How to Calculate Your Cost per Inbound/Outbound Call and Why? 

Anwesha Roy

Understanding what is a good cost per call

How to Calculate Your Cost per Inbound/Outbound Call and Why? 

One of the most effective ways to calculate your contact centre’s profitability by monitoring your cost per call. This single KPI captures a number of things  how much are you spending on labour, what do your rent and capital costs look like, is your technology infrastructure costing you more than it earns, and does customer demand really justify all this investment?  

Cost per call widely varies from site to site, and organisations can conduct cost per call analysis to pinpoint which locations would be most profitable for the business.  

What is Cost Per Call? Definition and Formula

You can define cost per call as the total opex and capex you spend on a single customer interaction or call. If this number is too high, it means that each interaction is burdening your budgets and may hold back scalability in the long term. A very low cost per call suggests that you might be using sup-par resources (labour, technology, and infrastructure), which will likely impact the customer experience.  

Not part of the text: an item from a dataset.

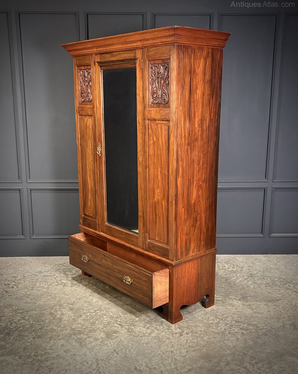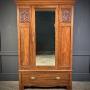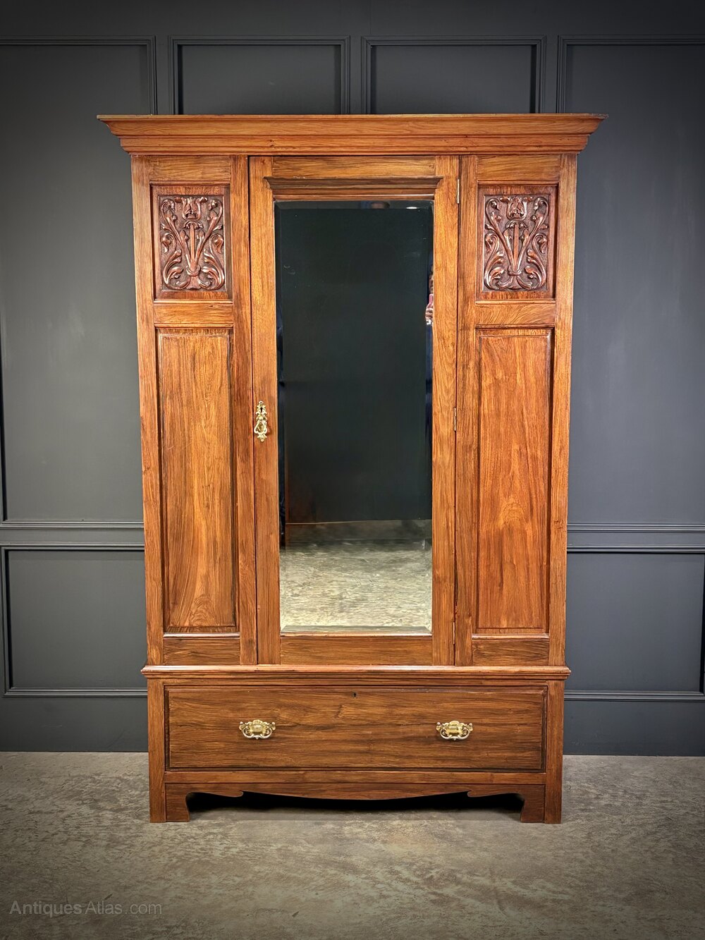 A handsome Edwardian walnut wardrobe of excellent colour and figure, presented in three sections for ease of transport and installation.The moulded cornice sits above a central single mirrored door, flanked by beautifully carved decorative raised panels featuring stylised foliate detailing.

To calculate cost per call, follow this formula:  

(Total cost of hiring, training, and retaining your agents, including wages + contact centre facility rent + software subscriptions + hardware purchases + cost of support staff engaged solely in maintaining the contact centre + operational costs like electricity, water, etc.) ÷ the number of calls processed every day  

The above formula can be applied to inbound contact centres as is but needs a little bit of tweaking for outbound contact centres.  

This is because outbound contact centres primarily engaged in sales and lead generation, where not every call will lead to customer acquisition or query resolution. That’s why several organisations choose to divide total business expenses by the number of leads/sales to reflect profitability more accurately.  

What is a Good Cost Per Call?

Industry benchmarks suggest that an acceptable cost per call could range anywhere between $2.70 – $5.60, including direct labour, indirect labour, and operational expenses. In many cases, cost per call can make up nearly half of the total cost of fulfilling an order!  

But these numbers depend entirely on your industry, the value derived from each interaction, and the agent expertise involved.  

For example, a wealth management institution serving hundreds of customers every day will employ highly skilled agents with specific industry knowledge, driving up the cost per call. But when benchmarked against profitability per interaction (sales for outbound or customer lifetime value for inbound), this investment makes perfect sense.  

Similarly, companies with a small but loyal and high-value customer pool should have a higher-than-average cost per call.  

Why Should You Calculate Cost Per Call?

Calculating cost per call over time is an excellent measure of overall organisational health. If, during a period, this metric spikes, it means that you are probably witnessing a tough market environment. A steady rise  not counting anomalies or acts of god  is a cause for concern and definitely merits further investigation.  

A steady eye on cost per call can help you anticipate business flux and prepare accordingly.